The Rev. Rick Joyner is a famous evangelical leader who has called on Christians to arm themselves for an inevitable civil war against liberals, who he suggests are allies of the devil.
But this is the awkward part: His five children would be on the other side of that civil war, as he and his kids all acknowledge. Just as America is torn asunder by politics and polarization, so is the Joyner family. The Joyners love each other, are there for each other — and despair for each other.
“He talks about Democrats being evil, forgetting that all five of his kids vote Democratic,” said his eldest, Anna Jane Joyner, 36, a climate change activist and podcast host (her father has suggested that climate change is a Communist conspiracy). “Who is he asking his followers to take up arms against? Liberal activists? That’s me.”
She worries that his far-right rhetoric may get people killed, so she feels a responsibility to challenge him. “I think it’s completely possible that some of my dad’s followers could pick up guns and cause violence because they think they’re defending the country,” she said.
Sam Joyner, 26, a ceramic artist and the youngest of the siblings, was also blunt about their father: “He’s causing harm in my view, and he’s being incredibly irresponsible.”
“I think what he does is morally wrong, but I love him,” added Ben Joyner, 28, a filmmaker. “I don’t want to hurt him, but when he’s spreading dangerous ideas, it gets complicated.”
I called Pastor Joyner to ask if his children frustrate him as much as he does them. “It’s about even,” he said dryly, and he seemed proud of them but pained that while he has won over vast throngs of strangers who see him as a modern prophet, he can’t persuade some of the people he cares most about. None of the children identify as evangelical, and all deplore his politics.
“One of my goals as a parent was to raise strong, independent children,” he said. “But I think I overshot the runway.”
The minister, 71, conceded that in the civil war he expects to break out soon, “we would be on opposite sides.” But he hastened to add that he doesn’t plan on exchanging rifle shots with his children. “I hope my kids don’t get involved in the violence, but it’s coming,” he said.
A former professional pilot, he is known for his best-selling books, his television appearances, his fervent endorsements of Donald Trump and his dismissal of Joe Biden as a Marxist who stole the election.

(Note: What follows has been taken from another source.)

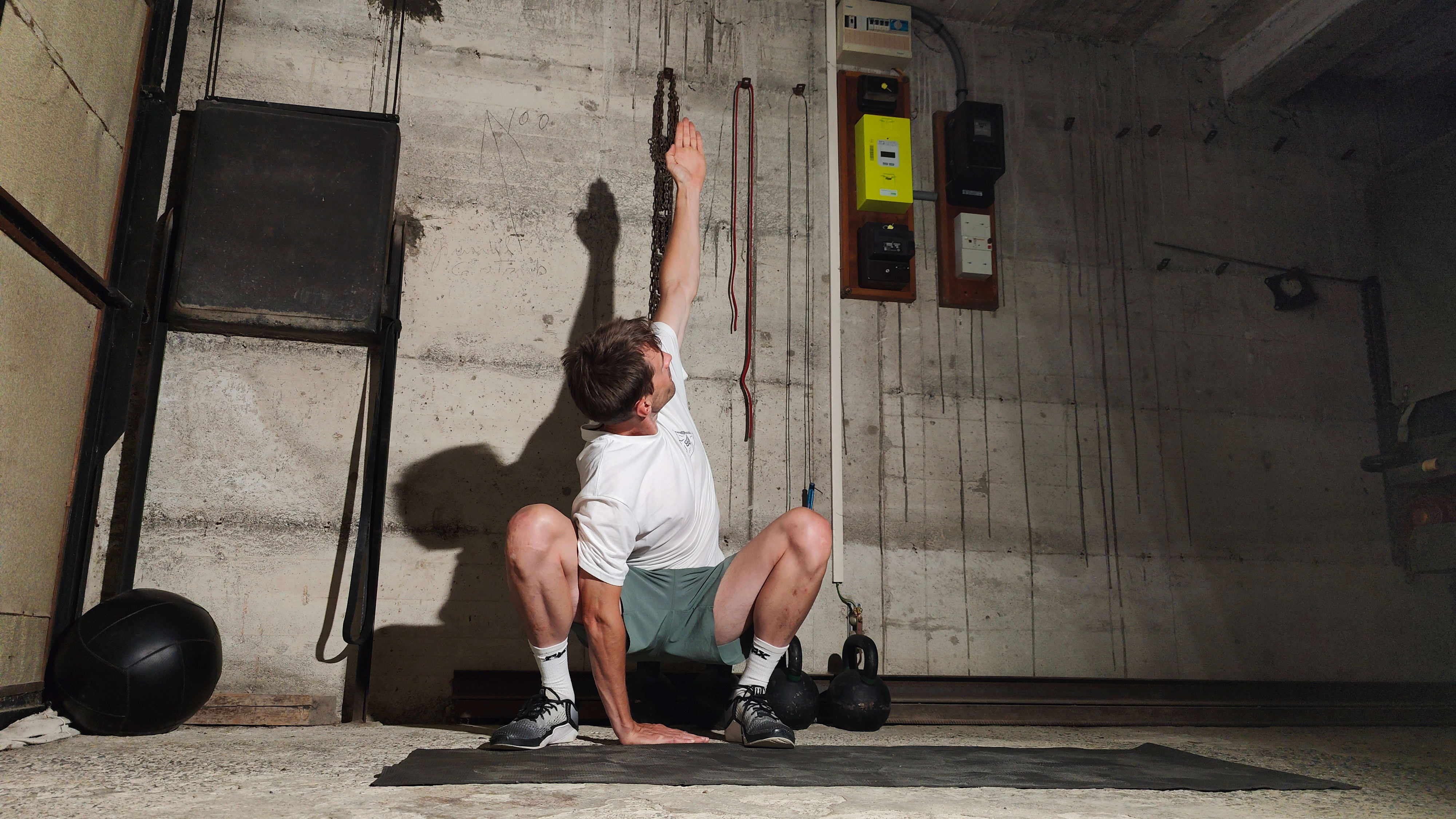 - If the rotate is too challenging, then just aim to actually hold the deep squat position.

He claims liberals are in league with Satan and Democrats are plotting “to criminalize Christianity.”
Of course, I may not be a fair narrator. Joyner also says that journalists constitute the “worst terrorist threat.”
Joyner’s rants leave his children furiously texting back and forth in exasperation (they say their mom is somewhere in the middle). Other kids wish they could take away an elderly parent’s car keys; the Joyner kids wish they could take away their dad’s megaphone.
“There is a responsibility to hold those you love accountable,” said Amber Grace Joyner, 30, a musician. But how? The siblings disagree among themselves. Aaryn Joyner, 34, a farmer and florist, is the peacemaker in the group. She says she’s disappointed by what her father says, but “I’m not willing to sacrifice my relationship with him to call him out.”
The most outspoken is Anna Jane, who says her father’s rhetoric became more extreme in recent years. She had her first falling out with him when she became a Democrat and an environmentalist while a sophomore at the University of North Carolina at Chapel Hill. He cut off her college funding, and she moved to New Zealand. Soon after, she nearly died in a boating accident — and the first person she called was her dad. They reconciled.
He resumed paying her tuition, and after graduation he supported her so she could take an unpaid internship with the Sierra Club, an organization he disapproved of. He also promoted a film by his son Ben about a gay man in the South, even though it likewise had him gritting his teeth.
I told Rick Joyner that I thought his struggles with his children reflected a larger generation gap and dwindling of influence of the religious right. To my surprise, he agreed. “The church in America has been tremendously weakened,” he acknowledged.
If the Joyners are a microcosm of a nation divided, perhaps they also offer a ray of hope in their ability to bridge differences. They remain close and get together for holidays, even if gatherings are tense.
“At what point can I no longer go home for Thanksgiving and watch football with my dad?” Ben mused. “By doing so, am I condoning his behavior? It can be hard to draw that line in the sand, especially when you love this person.”
Anna Jane put it this way: “Is it OK to just talk about movies and dogs with someone who’s trying to incite civil war? I don’t know.”
She describes herself today as “an Episcopalian/Buddhist/pantheist/agnostic,” yet somehow, improbably, she remains close to her father.
Last year when Hurricane Sally hit coastal Alabama, where Anna Jane lives, she had to evacuate in the middle of the night. She was furious at her father for his climate denial — but he’s the person she called in that crisis, and he stayed on the phone with her for much of the night, relaying the latest information and helping to keep her safe.
“I’m so angry at him for his politics and for endangering me and all of us by not believing in climate change,” she said. “And yet he’s the one I turn to in the middle of the night when I’m evacuating and I’m really scared.”